DIRECTIONS
All of the lines below need to be copied exactly, apart from the pictures.

SUPPLIED DATA

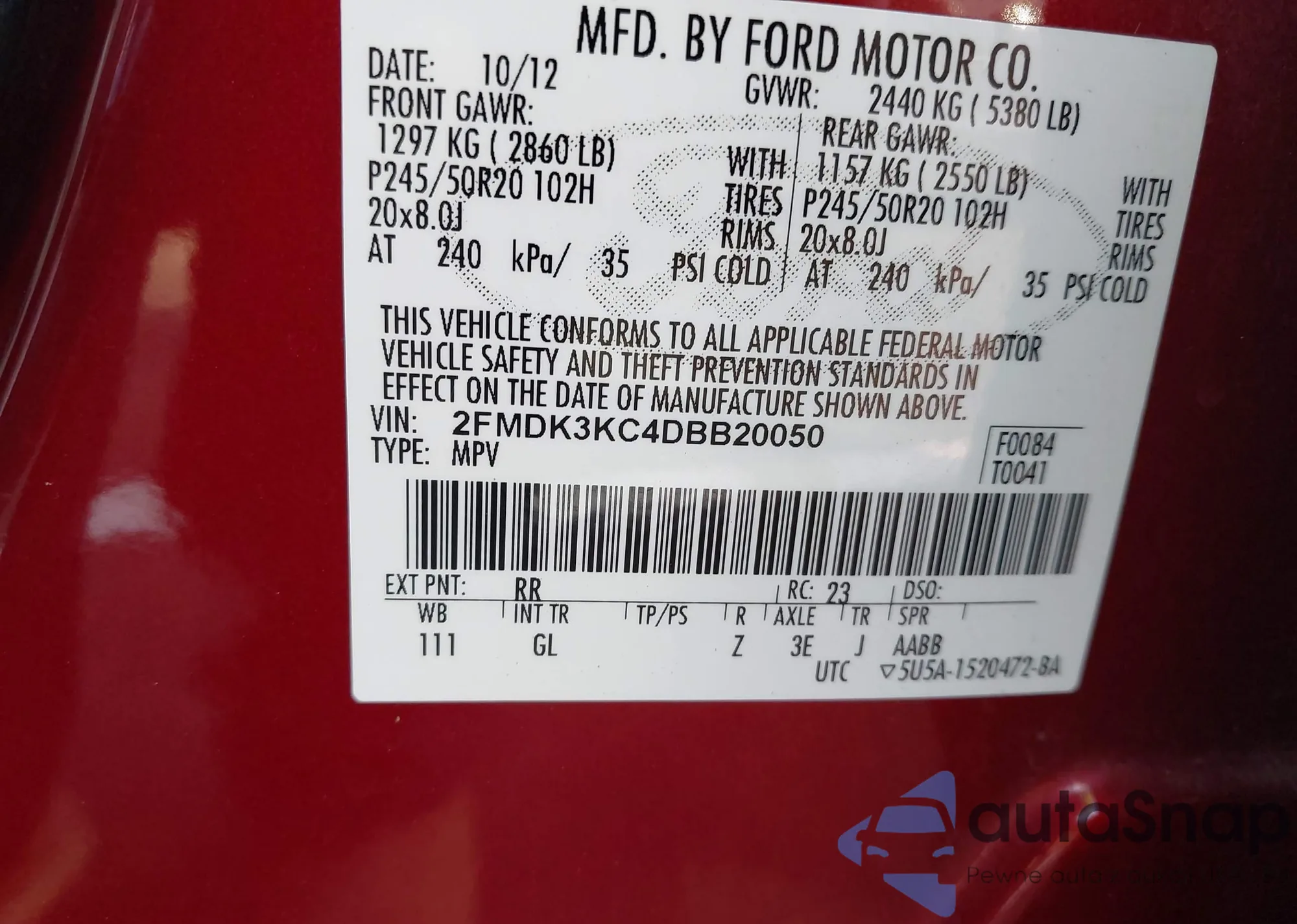 LOT: 43751004 VIN: 2FMDK3AK9CBA12949
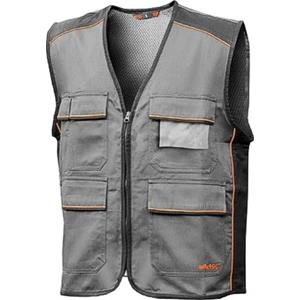 Tessuto 100% cotone 250 g/m2. Dotato di quattro ampie tasche frontali più una tasca porta cellulare. Rete interna per un maggior comfort. Porta badge a scomparsa.
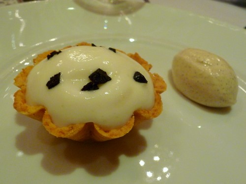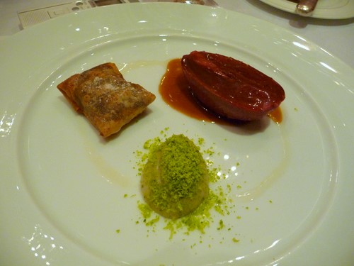 The food at Hibiscus was really creative. Pictured above is the main dish of wood pigeon served with a pastilla and onion and almond puree topped with pistaccio. Below is a fine cream tart of white asparagus with some candied black olives (sweet, but with a savoury dimension) and vanilla ice cream.
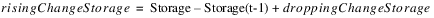 If the reservoir elevation was increasing or if the reservoir was spilling, the change in storage is counted as risingChangeStorage otherwise it is droppingChangeStorage.

RESPONSE AREA
 LOT: 43751004 VIN: 2FMDK3AK9CBA12949
 Tessuto 100% cotone 250 g/m2. Dotato di quattro ampie tasche frontali più una tasca porta cellulare. Rete interna per un maggior comfort. Porta badge a scomparsa.
 The food at Hibiscus was really creative. Pictured above is the main dish of wood pigeon served with a pastilla and onion and almond puree topped with pistaccio. Below is a fine cream tart of white asparagus with some candied black olives (sweet, but with a savoury dimension) and vanilla ice cream.
 If the reservoir elevation was increasing or if the reservoir was spilling, the change in storage is counted as risingChangeStorage otherwise it is droppingChangeStorage.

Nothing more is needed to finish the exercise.